ACTION ITEM
Your task is to reproduce, verbatim and without pictures, the lines from the opening of the listing through the line containing "Quick Tip: Line".

THE DATA
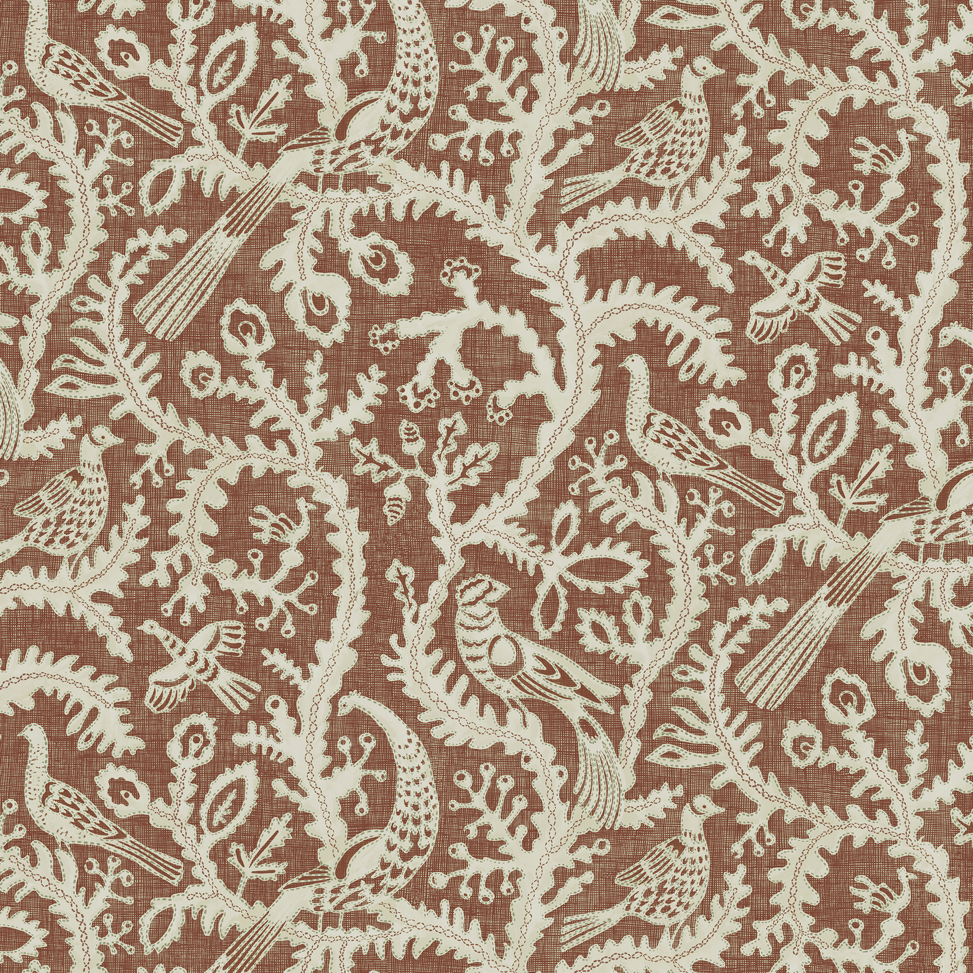 Stitched birds has a beautiful painted linen texture. This pattern offers a modern take on a traditional folk style.
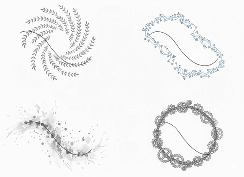 Quick Tip: Line Weight: Use a thicker, darker line for the primary line and the outlines of the surrounding designs. Use lighter, thinner lines for internal details, patterns, and to suggest volume. Shading/Hatching: Use hatching (parallel lines), cross-hatching, or stippling (dots) to fill areas and define forms. The more densely packed the marks are, the darker the area will appear, creating a sense of three-dimensionality, like on the gears or the leaves. Pressure: Experiment with the pressure of your pencil. Light pressure for soft, airy elements (like the watercolor-style splash) and firm pressure for sharp, mechanical, or graphic elements (like the geometric patterns).
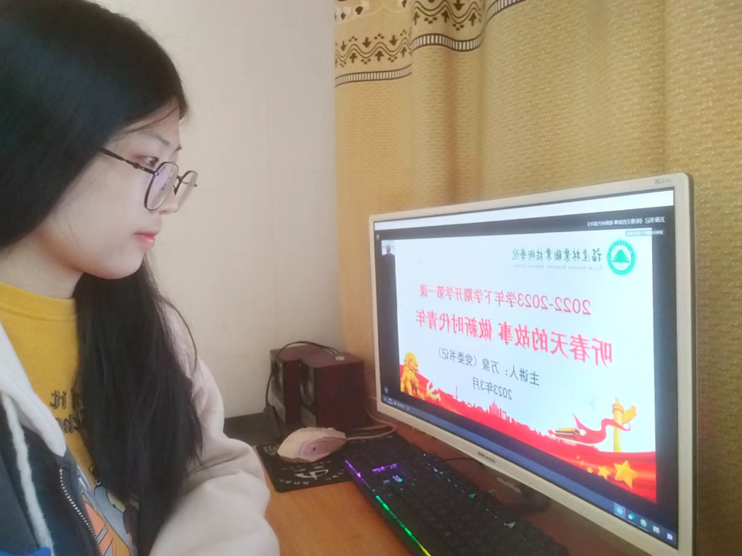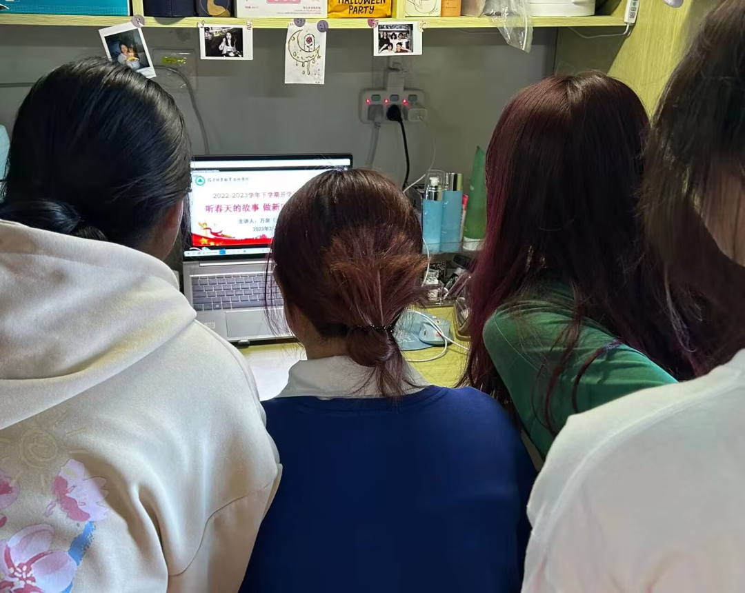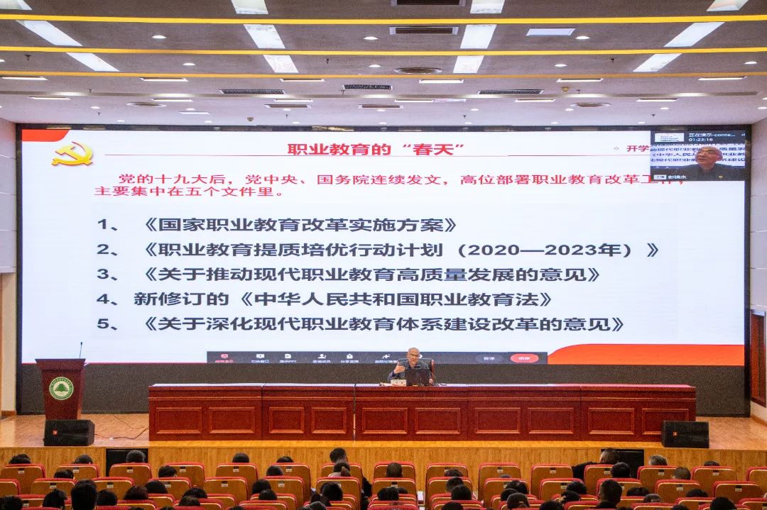 讲座围绕“东方风来满眼春,党的二十大擘画新时代的教育蓝图”“自信自强守正创新,在职业教育的春天里勇毅前行”“春回大地万物复苏,疫情防控进入新阶段”“不负春光不负韶华,立志做新时代好青年”四个方面娓娓道来,讲述了那些动听的“春天的故事”,万名师生线上线下齐感受春暖花开、春潮澎湃。

ANSWER TO THE PROBLEM
 Stitched birds has a beautiful painted linen texture. This pattern offers a modern take on a traditional folk style.
 Quick Tip: Line Weight: Use a thicker, darker line for the primary line and the outlines of the surrounding designs. Use lighter, thinner lines for internal details, patterns, and to suggest volume. Shading/Hatching: Use hatching (parallel lines), cross-hatching, or stippling (dots) to fill areas and define forms. The more densely packed the marks are, the darker the area will appear, creating a sense of three-dimensionality, like on the gears or the leaves. Pressure: Experiment with the pressure of your pencil. Light pressure for soft, airy elements (like the watercolor-style splash) and firm pressure for sharp, mechanical, or graphic elements (like the geometric patterns).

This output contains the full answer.